• [Data excerpt]:
* * * * *

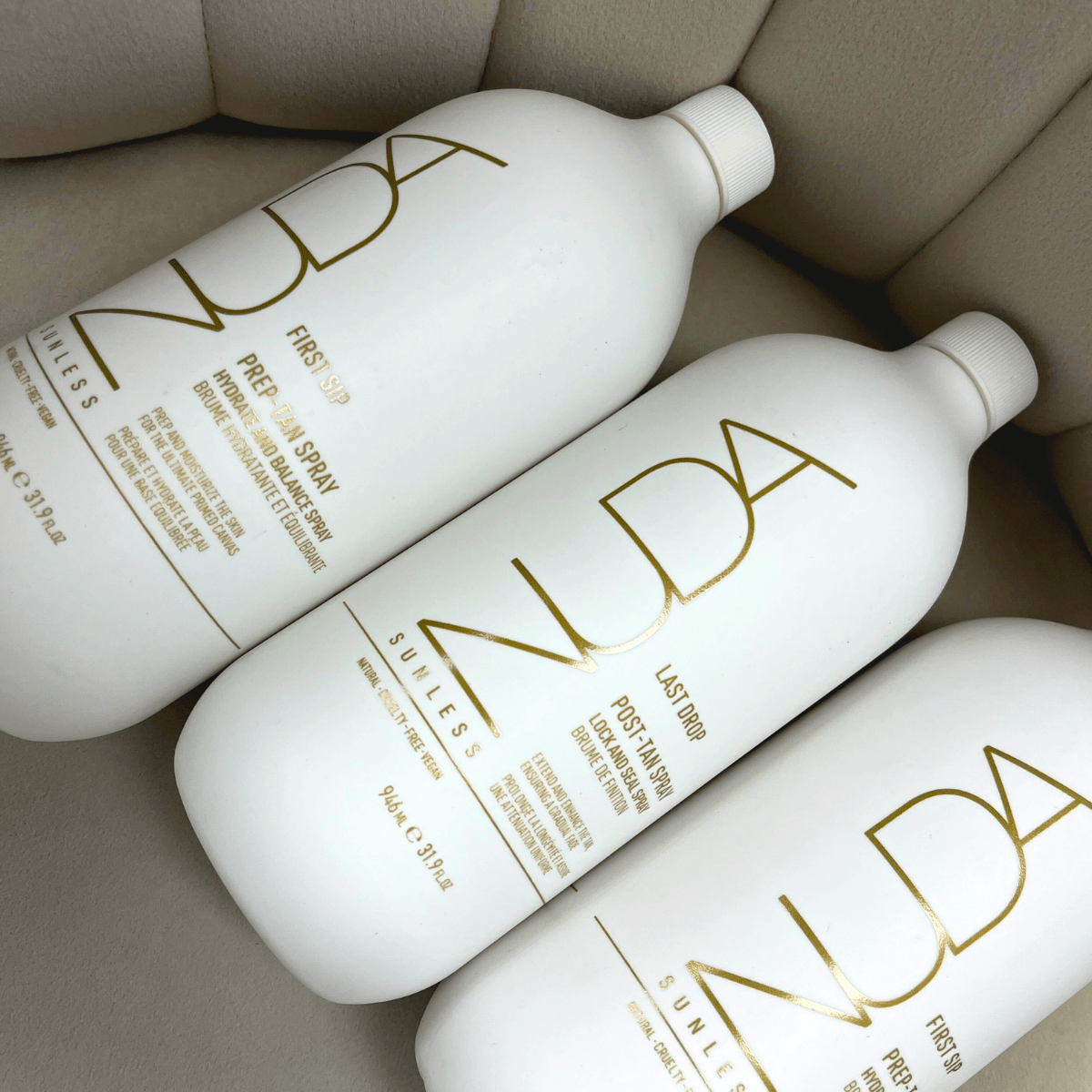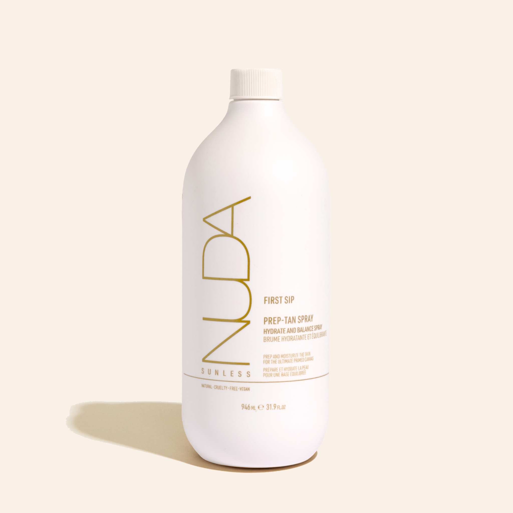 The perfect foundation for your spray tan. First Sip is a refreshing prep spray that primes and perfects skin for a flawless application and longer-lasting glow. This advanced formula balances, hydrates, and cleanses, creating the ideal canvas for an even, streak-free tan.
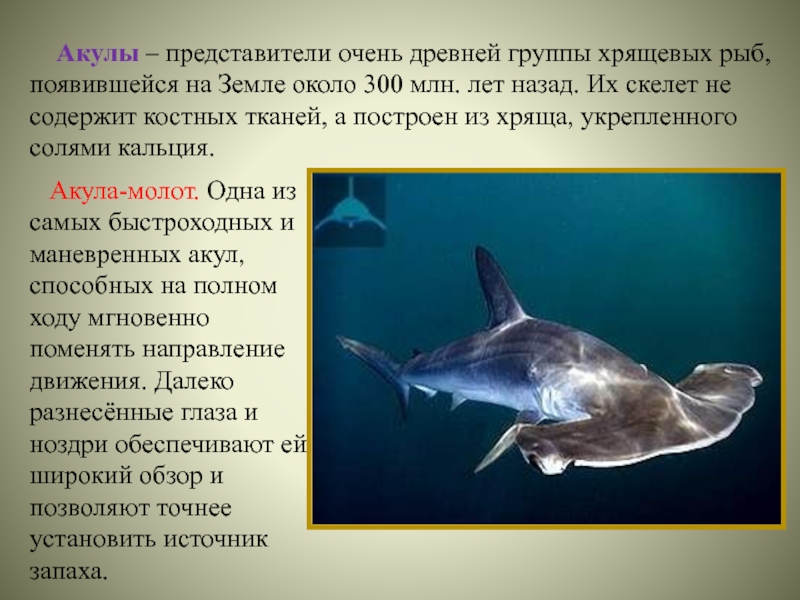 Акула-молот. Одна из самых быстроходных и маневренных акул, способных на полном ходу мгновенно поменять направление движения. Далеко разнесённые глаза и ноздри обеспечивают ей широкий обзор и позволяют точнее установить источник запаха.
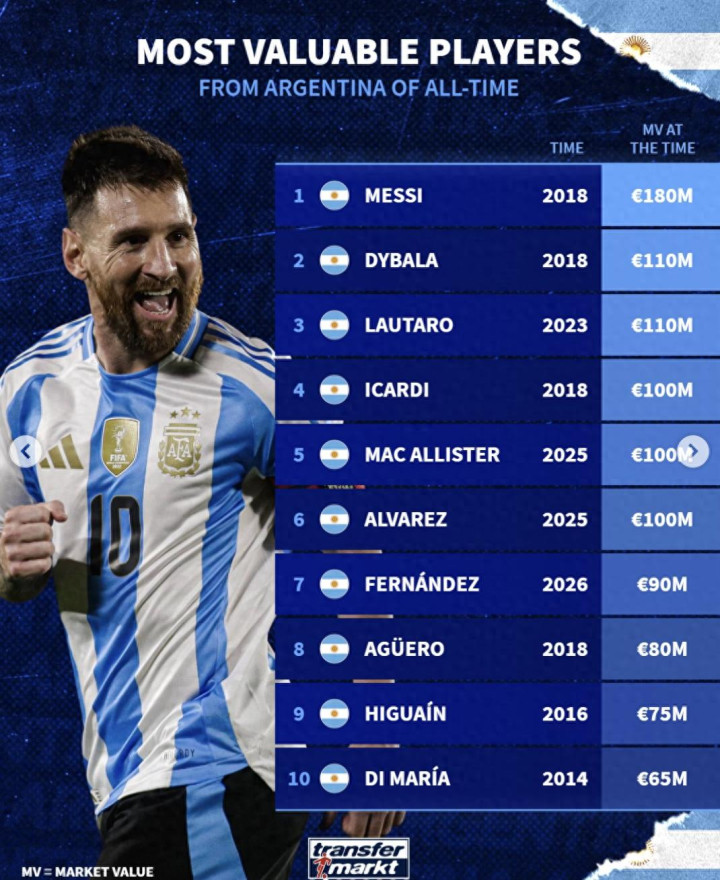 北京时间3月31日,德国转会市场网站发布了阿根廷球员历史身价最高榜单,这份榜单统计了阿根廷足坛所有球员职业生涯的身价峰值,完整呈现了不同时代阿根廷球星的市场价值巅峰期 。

* * * * *

• [Task objective]:
Where a picture appears, omit it, and otherwise retype the material exactly.

• [Reply]:
 The perfect foundation for your spray tan. First Sip is a refreshing prep spray that primes and perfects skin for a flawless application and longer-lasting glow. This advanced formula balances, hydrates, and cleanses, creating the ideal canvas for an even, streak-free tan.
 Акула-молот. Одна из самых быстроходных и маневренных акул, способных на полном ходу мгновенно поменять направление движения. Далеко разнесённые глаза и ноздри обеспечивают ей широкий обзор и позволяют точнее установить источник запаха.
 北京时间3月31日,德国转会市场网站发布了阿根廷球员历史身价最高榜单,这份榜单统计了阿根廷足坛所有球员职业生涯的身价峰值,完整呈现了不同时代阿根廷球星的市场价值巅峰期 。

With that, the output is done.